Fixes the intermittent legacy-sync CI failures on TestLegacyTxBroadcast942_TeranodeRPCToSVMempool. Two independent root causes, two fixes:

  • Nil guard in legacy.Server.Stop (services/legacy/Server.go). When newServer fails (e.g. no valid listen address), Server.Init leaves the inner s.server nil. The daemon error path (ServiceManager.WaitServer.Stop) then derefs the nil *server at peer_server.go:2914 → unrecovered SIGSEGV in a daemon goroutine → crashes the whole test binary, reporting (unknown) and discarding all other results in the package. The guard returns nil when there's no inner server, downgrading a process-killing panic to a clean per-test failure. This is the load-bearing fix: any future startup error on this service hit the same crash path.

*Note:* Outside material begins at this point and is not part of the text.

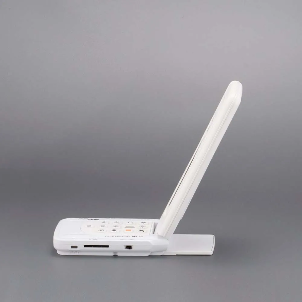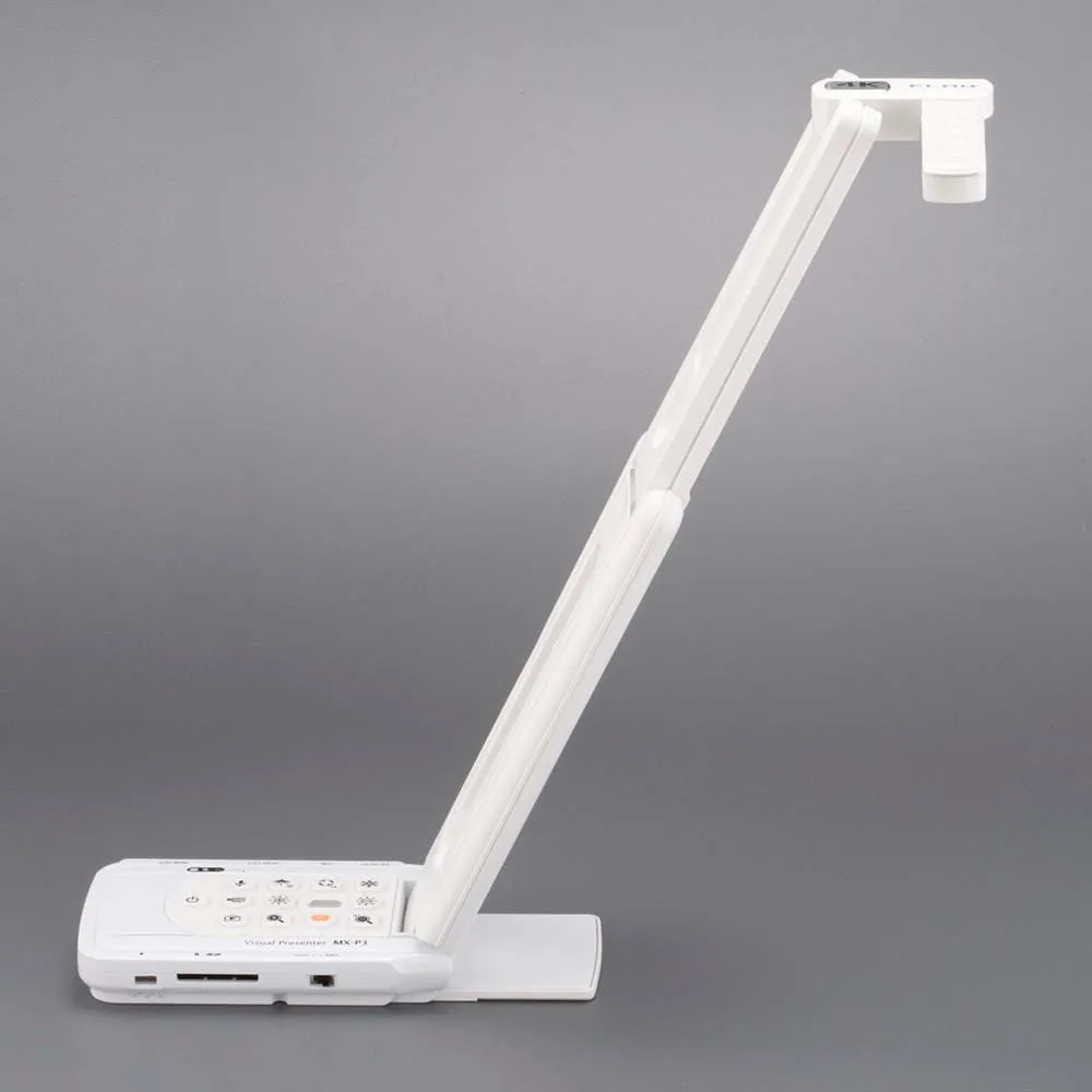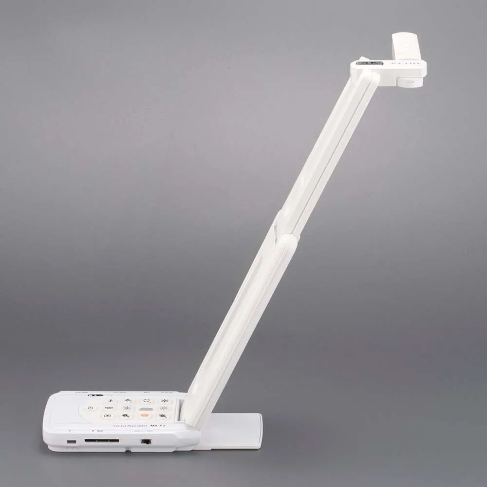 The ELMO MX-P3 4K 60FPS Document Camera in white is a high-performing visual tool perfect for use in TV, audio, and projector setups.

  • Ephemeral listen port in the 942 test (test/e2e/daemon/ready/legacy_tx_broadcast_942_test.go). The test pinned the legacy listener to fixed 0.0.0.0:48444; under CI load that bind intermittently failed (TIME_WAIT/teardown of the preceding containers), producing the startup error above. Switched to 0.0.0.0:0 (OS-assigned). Safe because 942 only dials out (ConnectPeers=[sv]) and SV never connects back, so a fixed inbound port is unnecessary — verified the tx-broadcast assertion rides the established outbound connection.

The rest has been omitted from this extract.